I realized the safety of my .45 automatic was on. I would need to snap it off, but such a move would alert Jurgens. I knew it could be snapped off quickly and easily when I brought the weapon up, but I wanted to be certain nothing went wrong. Jurgens radio operator was nearby, as was Sugar Daddy’s. Everything and everyone there had to be taken into account.

“Apologize,” the Gunny said, finally taking his cigarette from his lips, his voice so soft it was difficult to hear him.

I looked into the Gunny’s eyes but could not tell what he was thinking, His expression was the same as it almost always was. I wanted to ask him who he was talking to but I remained silent.

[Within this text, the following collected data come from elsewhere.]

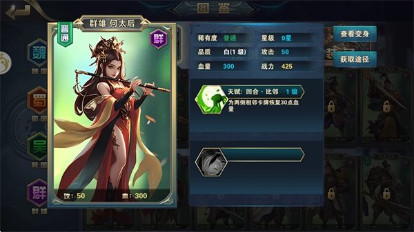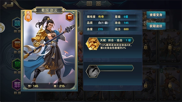 铜雀三国最新版本是一款以三国时代为背景的策略卡牌游戏。在游戏里,玩家将穿越回三国时期,化身为一方主公,需要招揽众多知名武将,尽情施展自己的策略才能。这里有超多考验脑力的玩法等待你来探索,快来体验一番吧!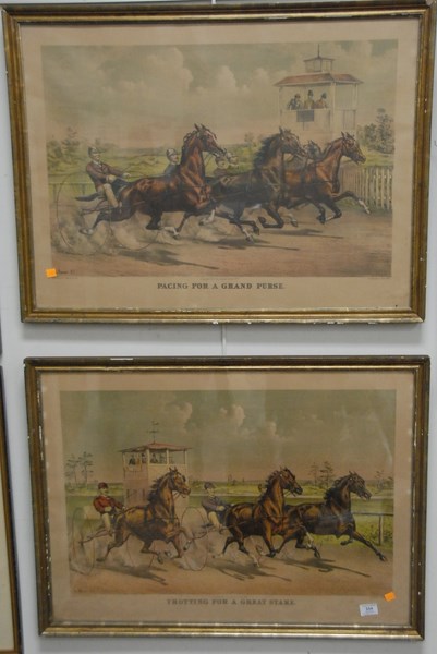 Currier and Ives Two large folio color lithograph After L. Maurer PACING FOR GRAND PURSE and TROTTING FOR A GREAT STEAK copyright 1890 by Currier & Ives NY 22 1/2 x 31 1/8 sight size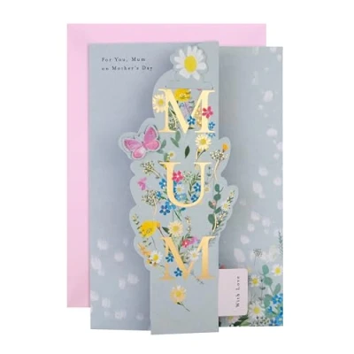 MUM MOTHERS DAY CARD: Deliver a gift your mum will love for a lifetime, with this wonderful Mother's day card with a sweet keepsake plant pot decoration, the perfect way for her to cherish all your love. The perfect Mothers Day appreciation MOTHERS DAY KEEPSAKE: Printed on high-quality board, this card features metallic gold foil details, a detachable, keepsake, the message 'Amazing Mum, Love helps us grow & makes us bloom' on the front and a laser cut wooden plant pot decoration HIGH QUALITY CONSTRUCTION: Printed on high quality board, made of material from well-managed, FSC-certified forests and other controlled sources LOVING MESSAGE: Express your own heartfelt wish to accompany our loving message, 'So grateful for all the wonderful things you do to make life beautiful. Happy Mother's Day''. The perfect way to make their Mothers day extra special SIZE: This Mothers day card measures 22.8cm by 15.9cm, and is the perfect size to wish lots of love. This card is accompanied with a co-ordinating Hallmark branded, brown Kraft envelope. Within Standard UK 'Letter' Size Limits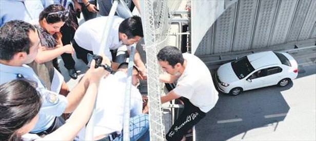 İstanbul Çağlayan'da dün bir üst geçidin korkuluklarına çıkan Necati C., yön tabelalarının üstüne oturdu. Çevrede bulunan vatandaşlar Necati C.'yi intihar etmemesi için ikna etmeye çalıştı.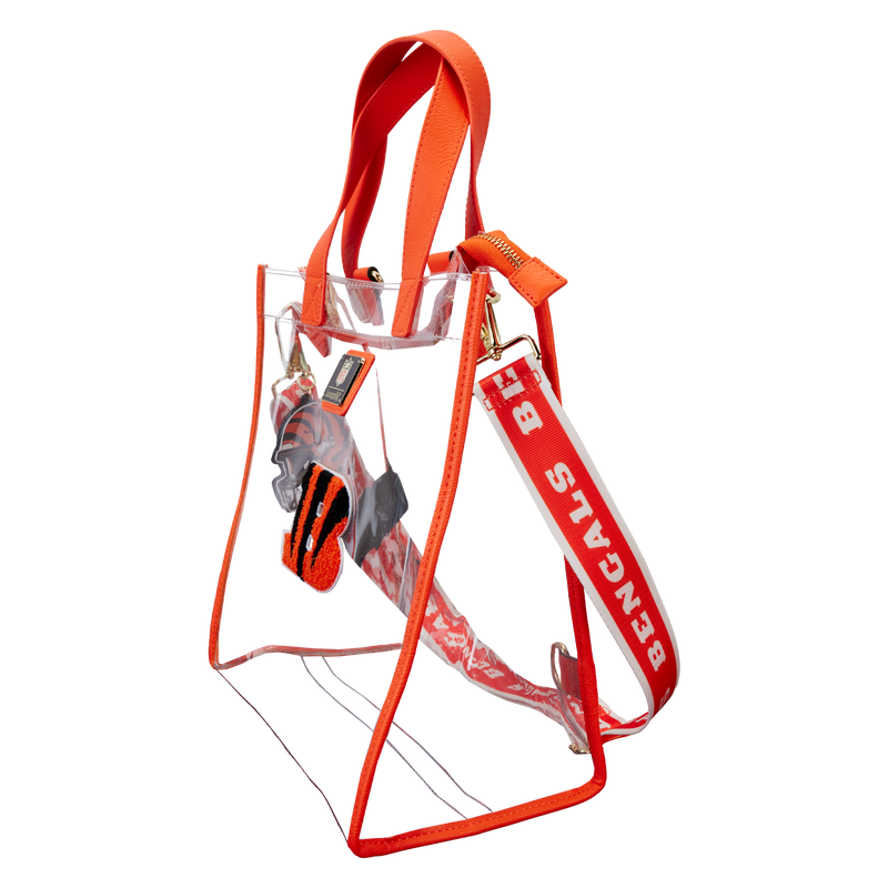 Feeling game-day ready? Cheer on your favorite football team with this convertible tote bag! The clear design makes it easy to bring your belongings into the stadium, and versatile shoulder straps help to keep your bag close as you wander the crowds. A chenille patch of the Bengals logo, a helmet-shaped bag charm, and coordinating team colors give this bag an elevated look. No need to sacrifice your style at the big game – this accessory is the perfect combination of fashion and function.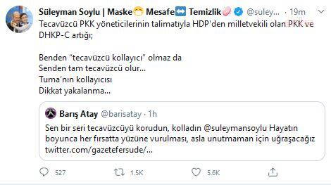 Atay'a cevap veren Soylu, ''Tecavüzcü PKK yöneticilerinin talimatıyla HDP'den milletvekili olan PKK ve DHKP-C artığı; Benden 'tecavüzcü kollayıcı' olmaz da senden tam tecavüzcü olur... Tuma'nın kollayıcısı... Dikkat yakalanma" yanıtını verdi.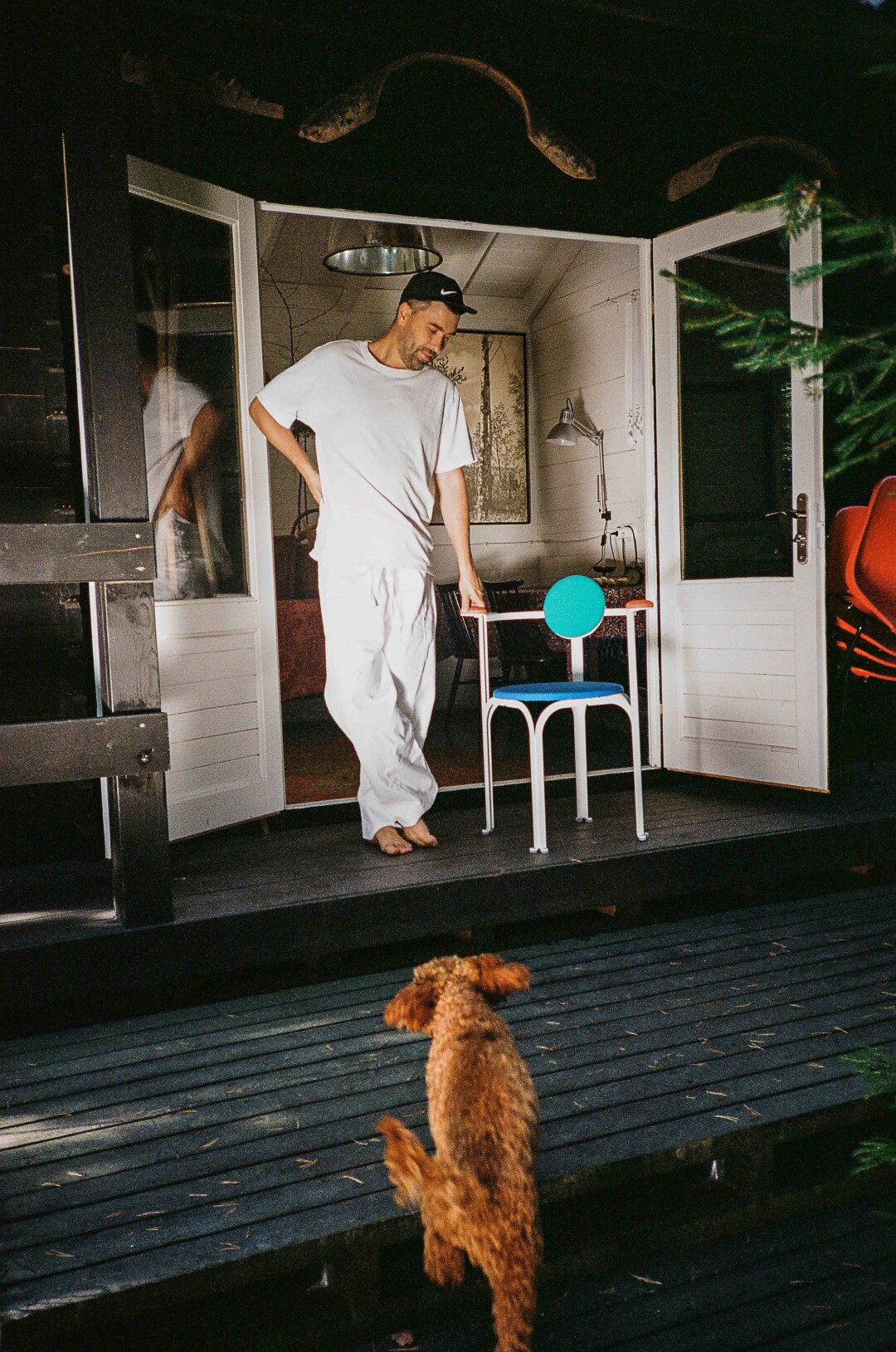 Архитектор Александр Каныгин в брюках M_U_R из первой коллекции бренда со стулом Circus chair своей работы в мастерской

“He used the Ontos effectively, led us here where we sit in safety, and he called in artillery and air to make all that happen. Some artillery went astray. That shit happens. So, apologize to the lieutenant.”

I knew instantly that the Gunny had picked up on my nod toward Nguyen, his move to the side and my placing my hand on the butt of Tex’s Colt. I knew his words weren’t about Jurgens respecting me. His request to Jurgens was a request to let the man live. He’d called me lieutenant for only the third time since I’d been in country. He didn’t take that lightly, and neither did I. He was forcing Jurgen’s hand while at the same time holding mine in abeyance.

The Gunny held out his cup of coffee toward me across the little blue and white fire, but I wasn’t looking at him. I was examining Jurgens closely like a snake might examine a nearby mouse.

What was the sergeant going to do, I wondered?